Ibrahim Boubacar Ke´ta, une lutte anti-corruption en trompe-l’œil

par Maka T
jeudi 12 juillet 2018

En matière de lutte anti-corruption, le bilan du président malien, Ibrahim Boubacar Keïta, qui se présente à sa propre succession le 29 juillet prochain, n’est malheureusement pas très glorieux. Et ce en dépit de nombreuses promesses.

À quelques semaines de l’élection présidentielle, au Mali, l’heure est au bilan. En matière de lutte anti-corruption, notamment, alors que le président sortant, Ibrahim Boubacar Keïta (IBK), avait fait de ce sujet l’un des points d’orgue de son mandat. Début 2014, ce dernier affirmait effectivement vouloir mettre au pas les amateurs de pots-de-vin et autres rétributions indues  ; une entreprise habile politiquement, mais dangereuse, le chef de l’État n’étant lui-même pas exempt de tout reproche. Et soumis de facto à un retour de bâton.

Toujours en 2014, par exemple, IBK a garni sa flotte présidentielle d’un Boeing 737 pour 19 milliards de francs CFA — ceci alors qu’il disposait déjà d’un appareil. Problème : l’opération, opaque s’il en est, a transité par une société-écran située dans un paradis fiscal des Caraïbes, et prévoyait toute une flopée de commissions attenantes. D’après le Bureau vérificateur général (BVG), une autorité indépendante malienne, cet épisode a mis à jour des pratiques de surfacturation, de détournement de fonds publics et même de fraude.


«  Échecs des politiques mises en œuvre  »

Difficile, dans ces conditions, d’être crédible lorsqu’on prône la transparence pour le bien des Maliens. Maliens auxquels IBK n’hésite d’ailleurs pas à faire payer ses goûts de luxe, s’agissant notamment de son domicile — le palais présidentiel ne lui convenant pas —, dans le quartier de Sébénikoro (Bamako), dont les travaux de rénovation ont été supportés par les contribuables. En réalité, la volonté de lutte contre la corruption affichée par IBK ne semble être qu’une façade.

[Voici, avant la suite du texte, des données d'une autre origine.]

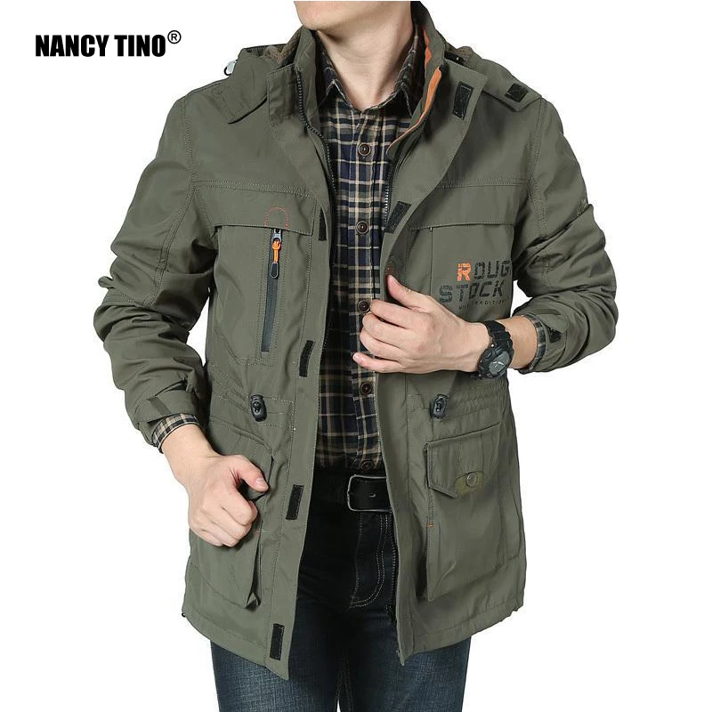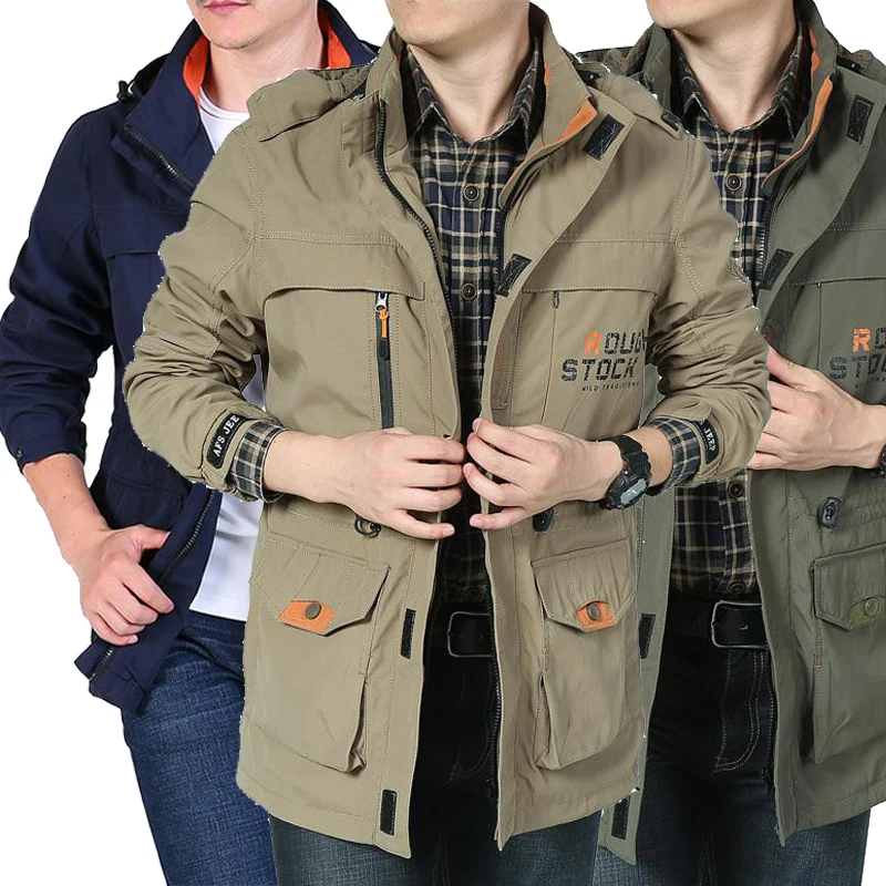 Куртка мужская для пешего туризма, Повседневная ветровка средней длины, с застежкой на липучке, для улицы, для рыбалки, облегающее пальто, весна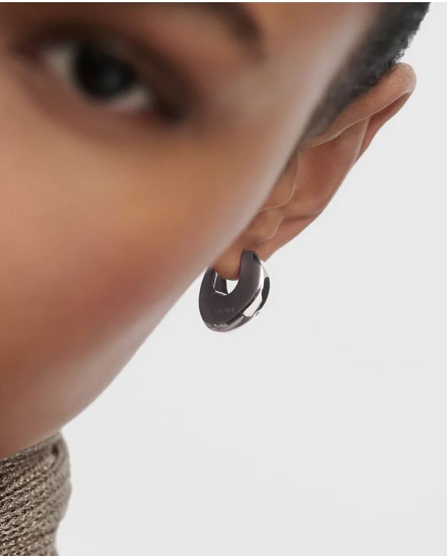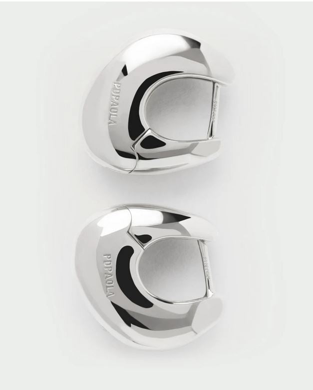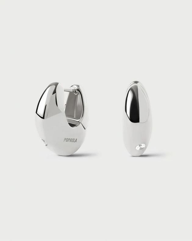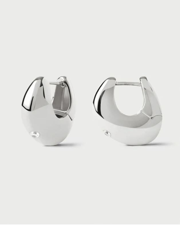 Sculptural silver hoop earrings with asymmetric design adorned with round white zirconia.

Deux ans après le lancement en trombes de la lutte anti-corruption au Mali, en 2016, Transparency International rend d’ailleurs public un sondage qui l’égratigne fortement — et le chef de l’État au passage. Selon l’organisation, 30 % des personnes interrogées dans le pays affirment ainsi avoir versé des pots-de-vin à des agents publics, tandis que 56 % des sondés pensent que «  le gouvernement ne lutte pas suffisamment contre le phénomène  ». Des économistes, réagissant aux résultats, estiment alors que «  ce rapport est inquiétant et démontre l’échec des politiques mises en œuvre pour lutter contre la corruption au Mali  ».

Soumaïla Cissé, figure de l’opposition

Il y a pourtant urgence à remettre un peu de crédibilité et de confiance dans la conduite — et la pratique — budgétaire. Car si l’économie du pays enregistre de bons chiffres — la croissance est bonne et la demande des ménages soutenue —, le taux de pauvreté (45 % environ) reste alarmant. Les Nations unies (ONU) placent d’ailleurs le Mali en 176e position — sur 188 — pour ce qui est l’indice de développement humain. Un classement qui s’explique, certes, par la situation sécuritaire, extrêmement précaire, et toutes les difficultés entraînées, mais pas que.

En effet, la pauvreté se concentre essentiellement dans le sud du pays, où la densité démographique est la plus forte, alors que les différents groupes terroristes qui émaillent le Sahel se trouvent plutôt au nord. Globalement, endiguer la corruption servirait à débloquer des fonds pour faire reculer cette pauvreté, mais encore faut-il en avoir l’intention. Et les Maliens — ceux qui appartiennent à l’opposition politique du moins — l’ont très bien compris  ; une vague de «  dégagisme  » a d’ailleurs vu le jour en prévision de la présidentielle.

Fin mai, lors d’un Conseil national extraordinaire, le Parti pour la renaissance nationale (PARENA), dirigé par l’ancien ministre Tiébilé Dramé, a choisi de ne pas présenter de candidat, afin de soutenir la candidature de Soumaïla Cissé, de l’Union pour la République et la démocratie (URD). Un choix fort, qui exprime clairement la volonté de l’opposition de ne pas apparaître morcelée lors des élections. Ceci afin de faire tomber le président sortant et mettre fin aux «  dérives graves du régime, la gouvernance patrimoniale faite de tâtonnements, d’improvisation, de détournements impunis des maigres ressources publiques, de pillage sans précédent […] des ressources publiques  ». En d’autres termes : à la corruption.